The publication of the "Political Economy" was followed by another very serious break-down in his health. In the summer of 1848, an affection of the thigh (I am not sure whether it began in a hurt) was treated by his doctor with iodine; the consequence of which was a speedy impairment of his eyesight. I remember him in a state of despair from the double misery of lameness and blindness. His elasticity of constitution brought him through once more; but in the following year (1849) he was still in an invalid condition. I introduced to him that year Dr. Thomas Clark, of Marischal College, himself a permanent invalid from overwork, who spoke a good deal to him about regimen, and endeavored to induce him to try the water-treatment, then just started. He was, however, not to be moved from his accustomed routine. His view of the medical art (at the time I speak of) was, that it should restore a shattered frame by something like magic. In other respects, his intercourse with Clark gratified him much, and led to a permanent friendship.

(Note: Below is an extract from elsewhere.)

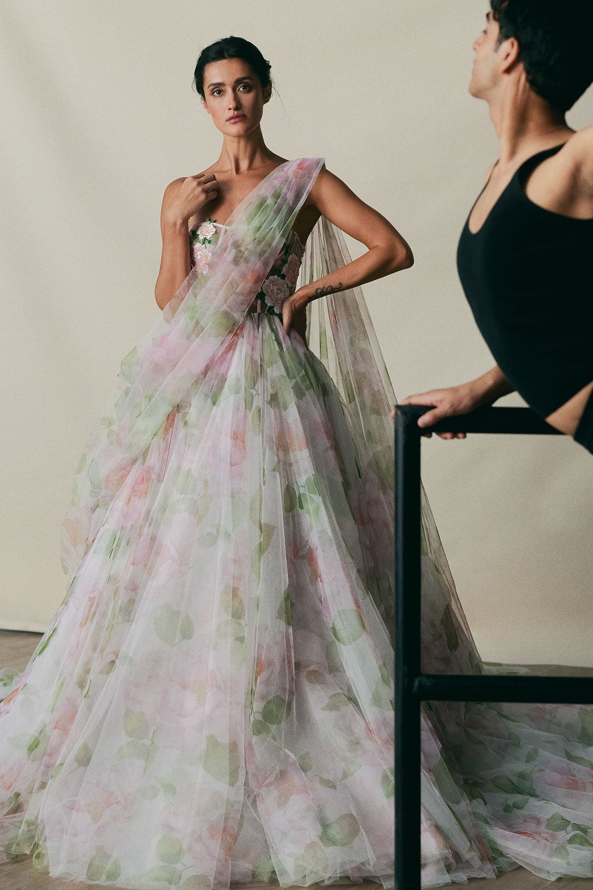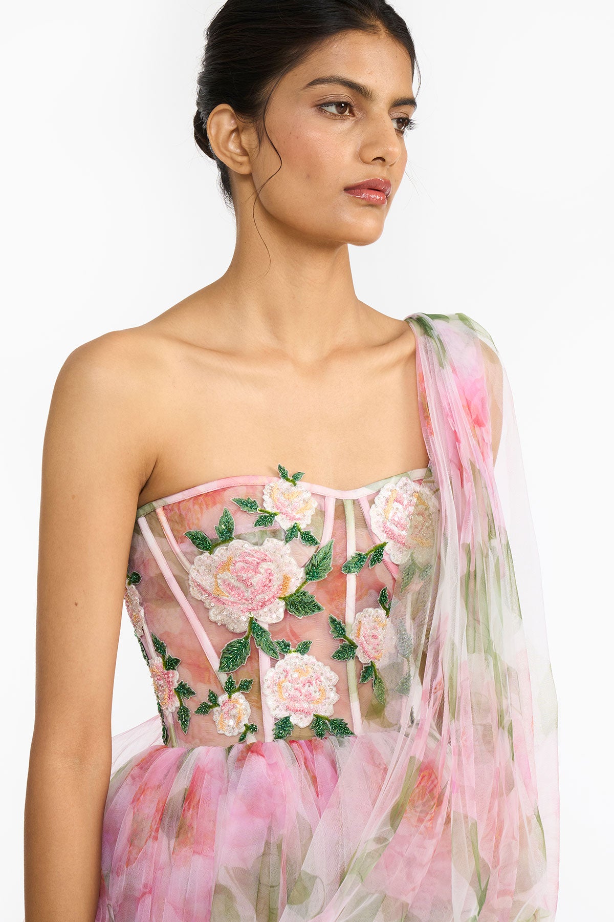 Pink Indian Rose Lehenga Saree With Embroidered Corset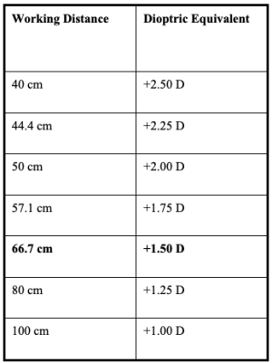 - Determine your working distance. Sit as far back from the patient as possible while still being able to adjust the phoropter or loose lenses. Working distance is calculated by taking the dioptric equivalent of your distance from the patient’s eye.

His work, as a great originator, in my opinion, was now done. The two books now before the world were the great constructions that his accumulated stores had prepared him for; and I do not think that there lay in him the materials of a third at all approaching to these. It is very unlikely indeed that he was even physically capable of renewing the strain of the two winters—1842-'43 and 1846-'47. His subsequent years were marked by diminished labors on the whole; while the direction of these labors was toward application, exposition, and polemic rather than origination; and he was more and more absorbed in the outlook for social improvements. Not that his later writings are deficient in stamina or in value; as sources of public instruction and practical guidance in the greatest interests of society, they will long hold their place. But it was not within the compass of his energies to repeat the impression made by him in 1843 and again in 1848. We must remember that all through his severest struggles, he had a public official duty, and spent six hours every day in the air of Leadenhall Street; and although he always affected to make light of this, or even to treat the office-work as a refreshing change from study, yet when his constitution was once broken, it would tell upon him more than his peculiar theories of health and work would let him confess.
In another article, I propose to review the writings subsequent to the date now reached.

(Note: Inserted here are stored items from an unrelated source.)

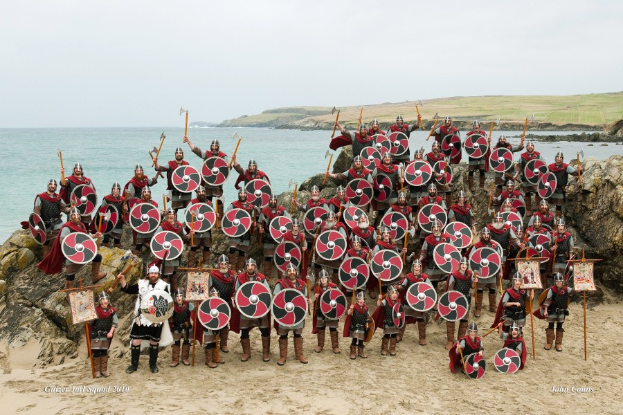 While the British Museum gears up for its blockbuster exhibition, in Shetland Viking and Norse identity is celebrated in the annual 12 Up Helly Aa festivals. All night “squads” of Vikings, led by the “Gayzar Jaarl” (head Viking) drink and dance their way in a riotous frenzy around the Shetlands. Those involved will have spent most of the preceding year crafting their costumes, their furs, shields, weapons, the long boat that is ceremoniously burnt, all funded out of their own pockets. In turn thousands of people come from all over the world to be part of these pagan “fire festivals”. They are also a chance for Shetlanders to explore their very real connections with Vikings, the Norn language (precedent to modern Norwegian and Norse) and Scandinavia.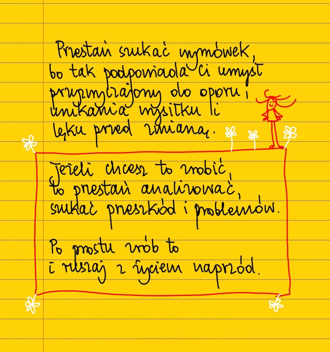 Żółte kartki Przestań szukać wymówek środa, 03.12.2025 Przestań szukać wymówek, bo tak podpowiada ci umysł przywyczajony do unikania wysiłku i lęku przed zmianą. Jeżeli chcesz to zrobić, to przestań analizować i szukać problemów. Po prostu zrób to i ruszaj naprzód ze swoim życiem. #żółtakartka Udostępnij na Facebooku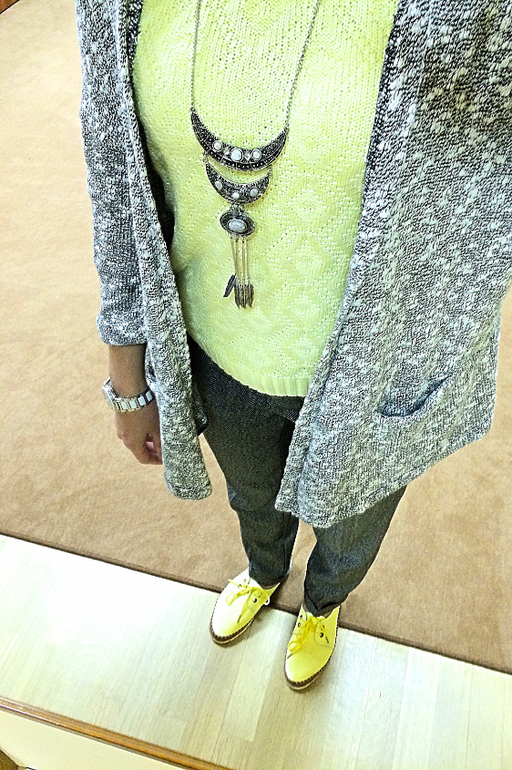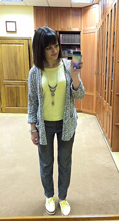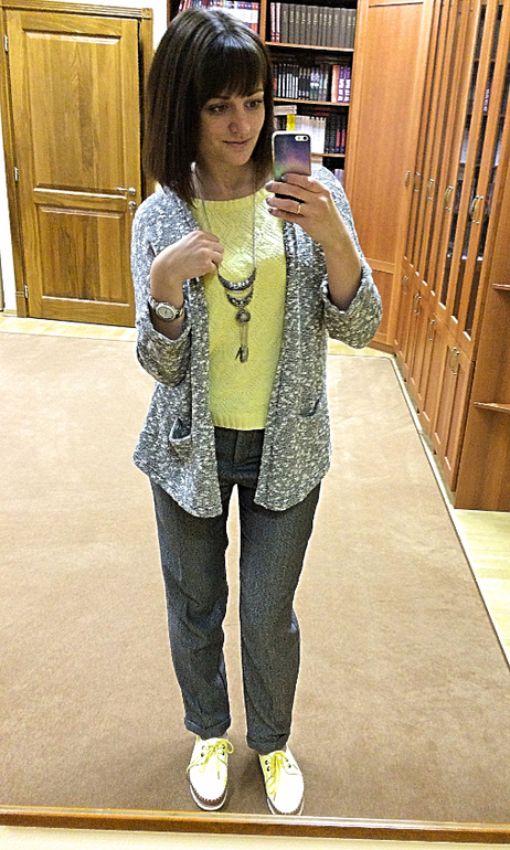 Сочетание цвета прекрасно. Но слишком много фактуры. Здесь и ''букле'' кардигана, и ''елочка'' на брючках, и рисунок на джемпере, и многоцветье ботинок.

- ↑ The following sentence in Mill's review of "Comte and Positivism" does not apply to the scientific magnates of England, at the date of Herschel's address: "He" (Comte) "has displayed a quantity and quality of mental power, and achieved an amount of success, which have not only won but retained the high admiration of thinkers as radically and strenuously opposed as it is possible to be to nearly the whole of his later tendencies, and to many of his earlier opinions."